Platform Compatibility and Portability:
A quality software should run on as much various platforms as it can. So, more people can make use of it. In different contexts we may mention different platforms, this may be OS platforms, browser types etc. And portability is about adapting software that can run on different platforms, for being more platform compatible. In this sense, portability is also related with flexibility.
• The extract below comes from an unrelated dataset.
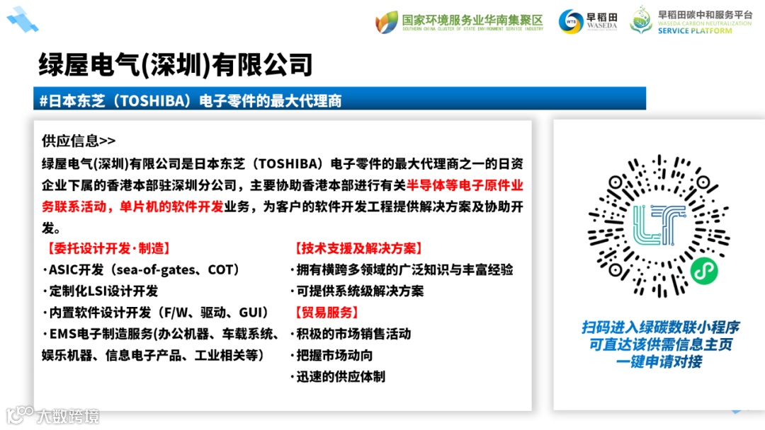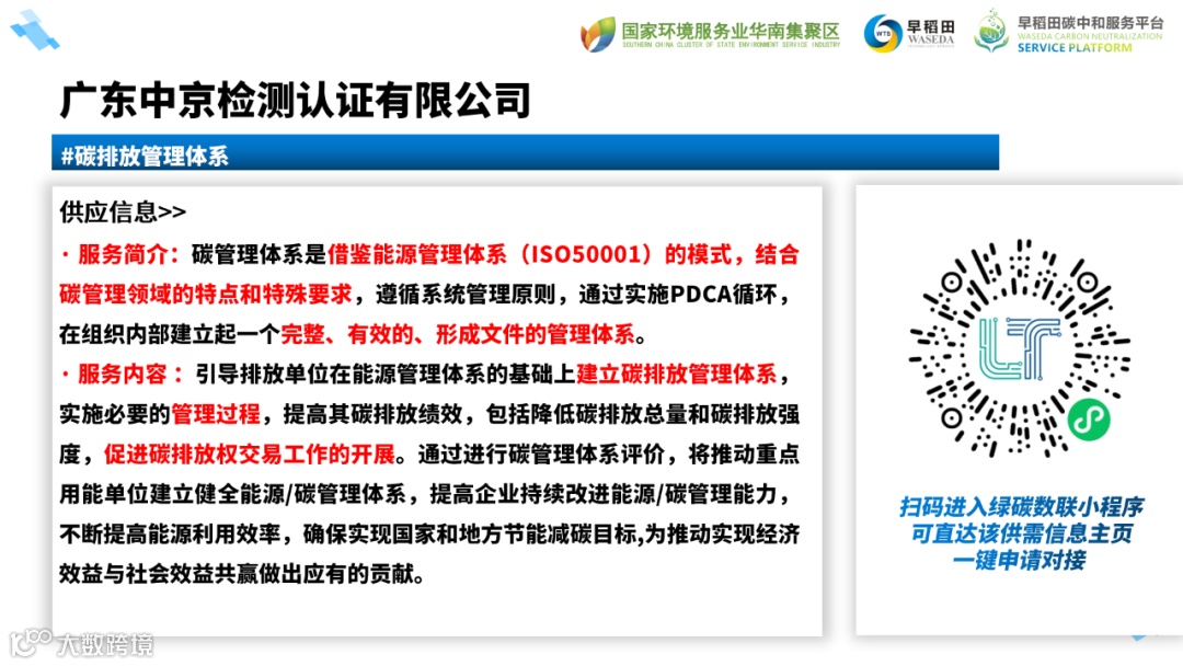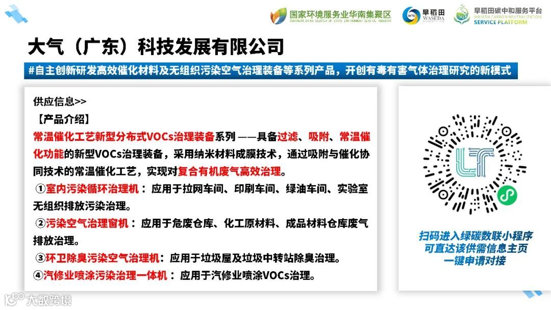 在绿碳数联平台的链接下,协助广东长天思源环保科技股份有限公司与日本堀场株式会社达成合作,针对我国企业污染源废气检测系统的检测技术提升需求,采用工业互联网技术、区块链技术和最新的烟气因子检测技术和仪器,开展新型烟气检测技术研究及标准化。

Testability and Managability:
Quality software requires quality testing. Source code should be tested with the most coverage and with the most efficient testing methods. This can be performed by using encapsulation, interfaces, patterns, low coupling etc. techniques correctly. Besides testability, a qualified software should be manageable after deployment. It may be monitored for e.g. performance or data usage status, or may enable developer to configure system easily. Creating a successful logging system is another very important issue about managability.

Security:
Security is a very important issue on software development, especially for web or mobile based ones which may have millions of users with the ability of remote accessing to system. You should construct a security policy and apply it correctly by leaving no entry points. This may include authorization and authentication techniques, network attack protections, data encryption and so on. all possible types of security leaks should be considered, otherwise one day only one attack may crash your whole applicaion and whole company.

Functionality and Correctness:
Functionality (or correctness) is the conformity of the software with actual requirements and specifications. In fact this is the precendition attribute of an application, and maybe not a quality factor but we wanted to point that as the last quality factor, for taking attention: Quality factors are not meaningful when we are talking about unfunctional software. First, perform desired functionality and produce correct software, then apply quality factors on it. If you can perform both paralelly, it is the best.